RESPIGHI: Belkis, Queen of Sheba (orchestral suite); HINDEMITH: Symphonic Metamorphosis on Themes by Carl Maria von Weber; FLORENT SCHMITT: The Tragedy of Salome (orchestral suite) – Borusan Istanbul Philharmonic Orchestra/Sascha Goetzel – Onyx 4048, 77:32 [Distr. by Harmonia mundi] *****:
Three most colorful and exotic orchestral works, coming from a previously unknown symphonic source and in excellent sonics though not hi-res. The Turkish orchestra has been active since 1999 and is supported by a leading industrial conglomerate in Turkey, who also encourages ventures in the fields of culture and the arts. They have now become one of the most promising symphonic ensembles in all of Europe. Among the leading soloists for their current season are Isabelle Faust, Daniel Hope and Denis Matsuev.
Belkis only has a couple other recordings, although it is one of the most picturesque of works from the composer of the Roman Trilogy.
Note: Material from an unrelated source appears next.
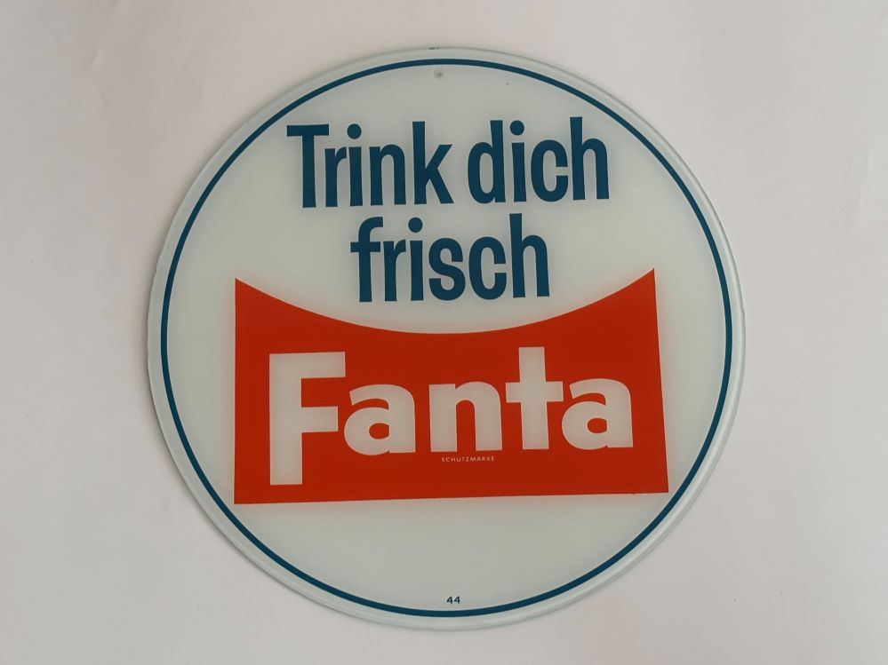 Signs « Back to OverviewFanta / Trink Dich Frisch / 44 / Glass Sign Category: SignsCountry:GermanyYear:1960sCapacity:25 cmDescription:Number 44 at the bottom, 1 hole for hanging « Back to OverviewFanta / Trink Dich Frisch / 44 / Glass Sign Category: SignsCountry:GermanyYear:1960sCapacity:25 cmDescription:Number 44 at the bottom, 1 hole for hanging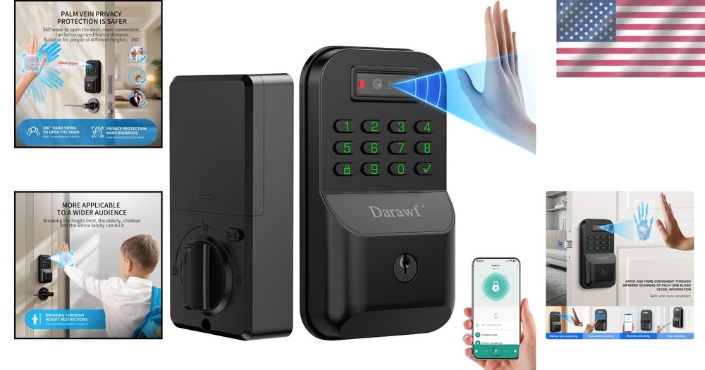 Palm Recognition Keyless-Entry Smart Lock: Advanced Biometric Security Solution < class="slides"> ‹ › ‹ › ‹ › ‹ › ‹ › ‹ › ‹ › ‹ › Palm Recognition Keyless-Entry Smart Lock Advanced Biometric Security Solution Innovative Technology: <> Advanced palm recognition technology transforms your unique palm vein patterns into your key. Faster, more accurate, and secure unlocking experience compared to traditional methods. Infrared sensing up to 30 centimeters detects your presence for seamless access. Benefits: <> Contactless Unlocking: 99.99% accuracy ensures reliable recognition. No Age Restrictions: Ideal for all ages—children and elderly can use it comfortably. Security Upgrade: Unique palm vein characteristics make forgery nearly impossible. Privacy Protected: Your palm ID information is securely stored on your device, ensuring privacy at all times. Why Choose Our Palm Recognition Smart Lock? This innovative palm recognition smart deadbolt not only enhances your home's security but also streamlines access with unparalleled convenience. Unlike traditional keypads or fingerprint systems that may fail with sweaty or dirty hands, this advanced lock harnesses distinctive vein patterns for consistent and reliable recognition. Experience worry-free access for your entire family, with no need for keys or codes. Enjoy peace of mind knowing your home is protected by cutting-edge technology that keeps your privacy intact and your security uncompromised. Upgrade your home with this advanced biometric smart lock today—your ultimate guardian for modern living! Shipping <> <> Free & Fast Shipping - We offer free shipping to most of the USA with a normal delivery time of 3-7 days. However, due to the current situation, additional delivery time (up to 3 weeks) may be required for some items. Alternative Carriers - We may use alternative carriers (e.g. USPS, FedEx, UPS, etc.) to ensure your package arrives safely and on time. Due to the use of multiple carriers, we are unable to provide a tracking number automatically. Handling Time - Orders are processed and shipped within 1-2 business days of receiving cleared payment. Shipping Restrictions - Shipping to Alaska, Hawaii, Puerto Rico, Guam, and other US territories may incur shipping charges or delivery restrictions. Please contact us before ordering, or your order can be refunded/cancelled. State Restrictions - There may be restrictions based on your state of purchase. For example, certain items may not be shipped to California due to state regulations. Contact for Tracking Updates - If you require tracking updates or have any concerns about the delivery of your order, please feel free to contact us, and we will be happy to assist you. Return <> <> 30-Day Hassle-Free Returns - We want you to be completely satisfied with your purchase. If you are not, you can return the item within 30 days of receiving it for a full refund or exchange. Easy Return Process - To start a return, simply contact us and we will provide you with a prepaid return shipping label and detailed instructions. Restocking Fee - There are no restocking fees for returns. However, the buyer is responsible for return shipping costs if the return is not due to a seller's error. Refund Processing Time - Refunds will be processed within 5 business days of receiving the returned item in its condition. Payment We accept all major credit cards, PayPal, and Apple Pay for your convenience. Your payment information is secure and encrypted to ensure a safe and seamless transaction. Please complete your payment within 3 days of purchase to avoid any delays in shipping. Feedback Your feedback is extremely important to us. We strive to provide the best products and customer service possible. If you are satisfied with your purchase, please take a moment to leave us a positive review. If you have any concerns or issues with your order, please contact us before leaving negative feedback. We are committed to resolving any problems and ensuring your satisfaction. Contact Us If you have any questions or concerns, please feel free to out to our customer support team. You can contact us through the eBay messaging system. We are available Monday to Friday, 9:00 am to 5:00 pm EST, and we will do our best to respond to your inquiry within 24 hours. Buy it now and enjoy a pleasant shopping experience! Unit Quantity: 2.38 pounds Material: Alloy Suitable For: Residential,Residential security,Keyless convenience Mounting: Universal Features: Easy to Install,Electronic,Keyless,Auto Lock,Fingerprint Items Included: K9001 deadbolt door lock,2 standard key,latch,strike plate,installation instructions,programming instructions Type: Smart Lock Color: Black Finish: Painted Number in Pack: 1 Style: Palmar vein recognition Item Depth: 1.18 inches Door Handing: Universal/Reversible Item Weight: 2.38 pounds Unit Type: lb

It was originally a lavish ballet score for nearly 1000 performers, but shortly before he died Respighi got as far as rearranging four sections of it as a more manageable orchestral suite. The War Dance section is a primitive-sounding ritual with drums, brass fanfares and gongs. And the closing Orgiastic Dance lives up to its title with a barrage of sound and rhythm. Belkis was recorded nine years ago by Oue and the Minnesota Orchestra on Reference Recordings. The two competing versions are very similar, with perhaps a slight fidelity edge to the Reference disc, perhaps due to its HDCD encoding and better preservation of ambiance.
Hindemith’s Symphonic Metamorphosis was his first major orchestral work and was also originally conceived as a ballet. Perhaps due to the tuneful melodies of Von Weber – so different from Hindemith’s usual stolid melodic writing – it’s long been my favorite orchestral work of his. There’s also the vivid and colorful settings he gave the Von Weber tunes. My standard recording here has been the 1953 Mercury mono LP (and now CD) by Rafael Kubelik and the Chicago Symphony, and Bernstein on Sony Classical is also a winner. While not quite as brilliant-sounding, the Istanbul players seem to bring out the Eastern European and oriental styles in the work. And the recording is less dated-sounding than either of the above – though the Living Presence discs boast gangbuster dynamics.
Schmitt was fascinated by the exotic, especially Turkish music. His Salome work is the third one on this disc which began as music for dance. He later transcribed it for full orchestra, and it became one of his best-known pieces. It tells the biblical story of Salome with exotic verve, dreamy passages, and violent emotional outbursts. The orchestra digs into it with gusto and the sonics are about the best you can achieve via standard CD format. The packaging and design of the album is also first-rate; I mistook at at first for an SACD, but it is not. Yet it is for some reason priced higher than many SACDs.